Patient time in emergency departments could be halved if doctors working there were trained to carry out ultrasound on patients with suspected deep vein thrombosis (DVT), a major conference has heard.
Dr Ossi Hannula, an emergency medicine specialist at the Wellbeing Services County of Central Finland, told delegates at the European Emergency Medicine Congress it could mean the difference of more than two hours, helping to reduce overcrowding in emergency departments.
He said: “Prolonged stays in emergency departments are linked to emergency department crowding.
“The longer a patient stays in an emergency department, the higher are the death rates and the risks of other complications, the longer their stay in a hospital ward, the lower the patient satisfaction, and the higher the financial costs and the burden on emergency department staff.”

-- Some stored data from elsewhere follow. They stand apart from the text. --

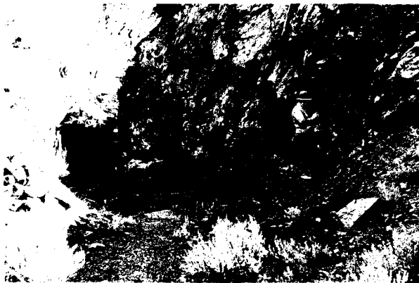
Portal lower adit. "Blob" of manganeseiferous ore in shadow. Note shaft.
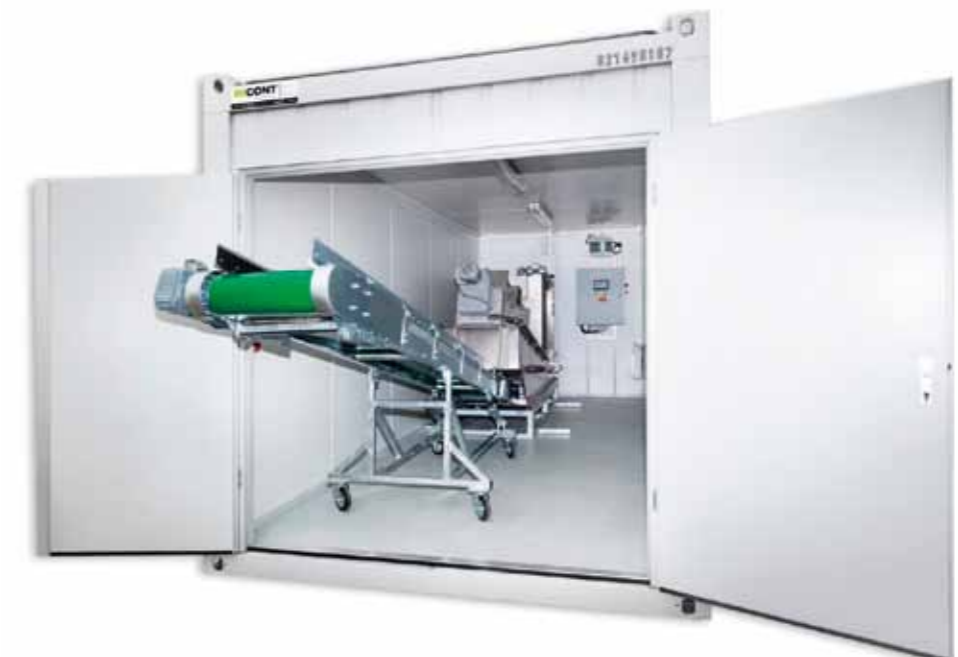
Built-in dewatering machine in the insulated container with belt conveyor
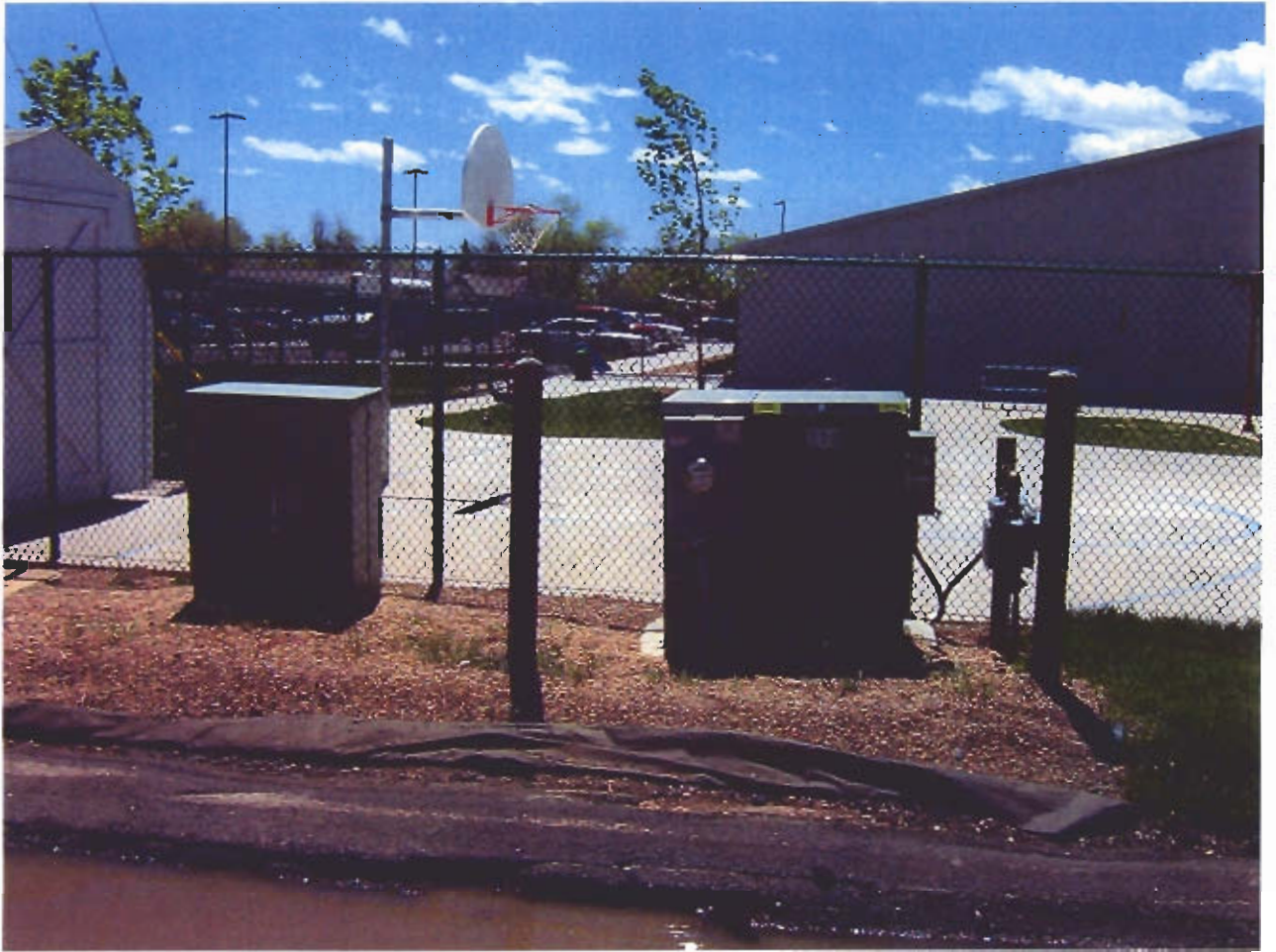
Units located behind Youth and Family Services and to the east of Food Bank.
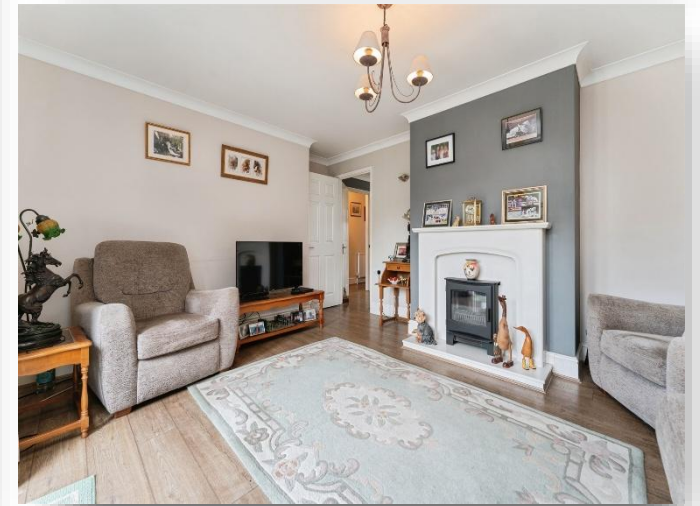
Brandon Road, Methwold, Thetford, IP26 4RH
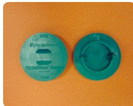
Locking Top Cap
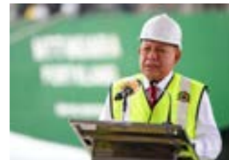
17 Minister: Growth of transportation sector vital in supporting Brunei Darussalam's economy
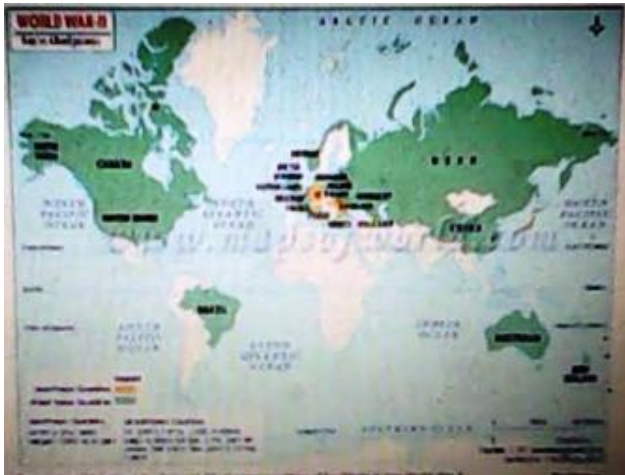
>>> 2 nd World War [Allies(green) vs Axis Powers ( orange)]

vanquishing yet a new unity of 3: Germany , Italy & Japan) such as lack of liberal economic cooperation , monetary globalization vide UGC in Law & Practice and affordable scientific and technological core knowledge applications for daily inputs of Agriculture (Seed and Fertilizer) & Industry (modern Technology and Power ) in many parts of the Globe .

Dr Hannula’s earlier studies had shown that if GPs in primary care were taught to perform ultrasound scans on patients with suspected DVT, they referred fewer patients to hospital emergency departments.

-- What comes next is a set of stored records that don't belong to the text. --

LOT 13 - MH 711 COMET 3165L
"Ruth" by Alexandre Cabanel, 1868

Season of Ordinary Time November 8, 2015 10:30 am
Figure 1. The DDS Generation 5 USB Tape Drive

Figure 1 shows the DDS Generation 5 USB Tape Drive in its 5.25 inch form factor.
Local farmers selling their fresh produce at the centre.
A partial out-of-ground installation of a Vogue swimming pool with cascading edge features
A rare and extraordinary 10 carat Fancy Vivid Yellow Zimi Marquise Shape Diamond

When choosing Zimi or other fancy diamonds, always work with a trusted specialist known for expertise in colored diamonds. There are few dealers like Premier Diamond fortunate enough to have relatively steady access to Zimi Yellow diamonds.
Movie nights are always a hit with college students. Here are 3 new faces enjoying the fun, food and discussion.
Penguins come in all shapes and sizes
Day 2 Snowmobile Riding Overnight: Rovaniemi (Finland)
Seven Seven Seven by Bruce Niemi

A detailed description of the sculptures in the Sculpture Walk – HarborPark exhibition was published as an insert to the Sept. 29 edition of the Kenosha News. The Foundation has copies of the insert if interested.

He then decided to see if ultrasound performed by emergency physicians instead of radiographers and radiologists could reduce the time patients spent in emergency departments.
For this study, 93 patients with a suspected DVT in two Finnish hospitals – Tampere University Hospital and Kuopio University Hospital – were recruited between October 2017 and October 2019.
They were included in the study if an emergency doctor who had been trained to perform ultrasound scans examined them and performed point-of-care ultrasound (POCUS).
Eleven emergency medicine specialists and junior doctors in the two hospitals examined the patients in the study. Dr Hannula compared the results with a control group of 135 patients who arrived in the same emergency departments with suspected DVT on the same days but were sent for ultrasound scans in the hospitals’ imaging departments.
“We found that patients undergoing the standard ultrasound examination spent an average of 4.51 hours in the emergency departments, while the group receiving point-of-care ultrasound spent an average of 2.34 hours in the emergency departments – a difference of 2.16 hours,” said Dr Hannula.
“The crowding in emergency departments is an increasing threat to patient safety as well as staff wellbeing. Using point-of-care ultrasound is one way of tackling this threat by reducing an unnecessary delay in decision making.”
Hannula O (2023) “Abstract OA89: Emergency physician performed point-of-care ultrasound on patients suspected of deep venous thrombosis reduces length of stay in emergency department: a prospective multicentre study”, presentation at European Emergency Medicine Congress, Barcelona, Spain, Monday 18 September.